::: Data for review

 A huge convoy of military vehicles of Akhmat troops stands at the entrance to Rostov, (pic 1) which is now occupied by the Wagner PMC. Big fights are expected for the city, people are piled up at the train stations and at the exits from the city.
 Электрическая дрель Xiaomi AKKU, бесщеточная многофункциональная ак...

::::::
::: Data for review

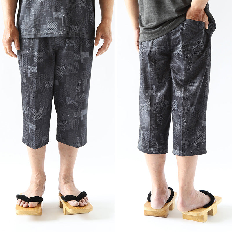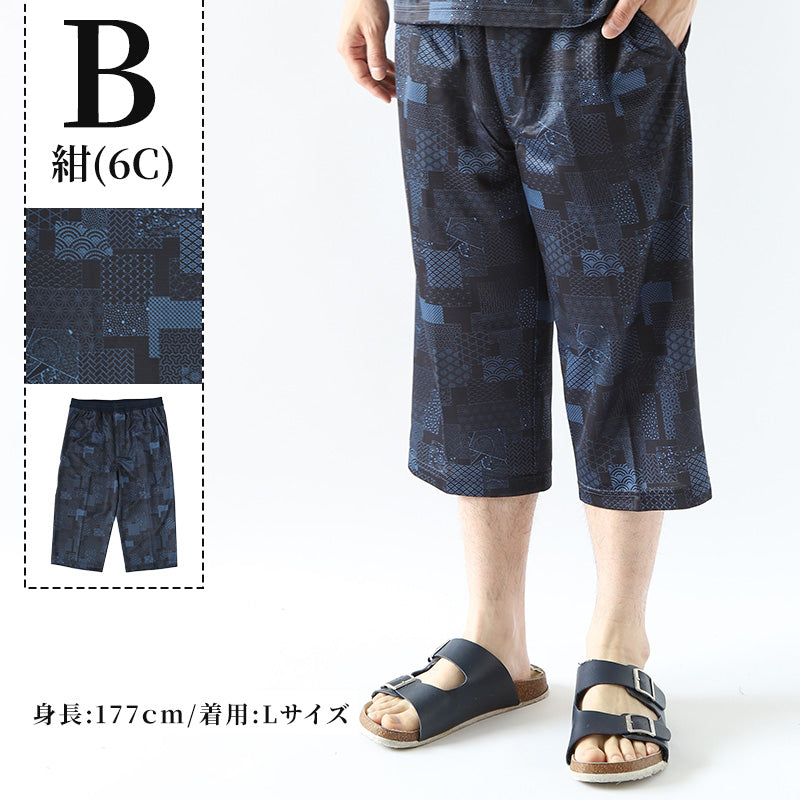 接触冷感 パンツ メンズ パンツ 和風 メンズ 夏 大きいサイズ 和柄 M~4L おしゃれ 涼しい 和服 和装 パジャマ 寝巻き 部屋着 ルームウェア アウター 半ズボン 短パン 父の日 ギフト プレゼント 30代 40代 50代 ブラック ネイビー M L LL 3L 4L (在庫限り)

::::::

**Aim of the exercise**
Proceeding from the line containing "A huge convoy" through the line containing "Электрическая дрель Xiaomi", transcribe the lines above exactly, both end lines included.

**Reply**
 A huge convoy of military vehicles of Akhmat troops stands at the entrance to Rostov, (pic 1) which is now occupied by the Wagner PMC. Big fights are expected for the city, people are piled up at the train stations and at the exits from the city.
 Электрическая дрель Xiaomi AKKU, бесщеточная многофункциональная ак...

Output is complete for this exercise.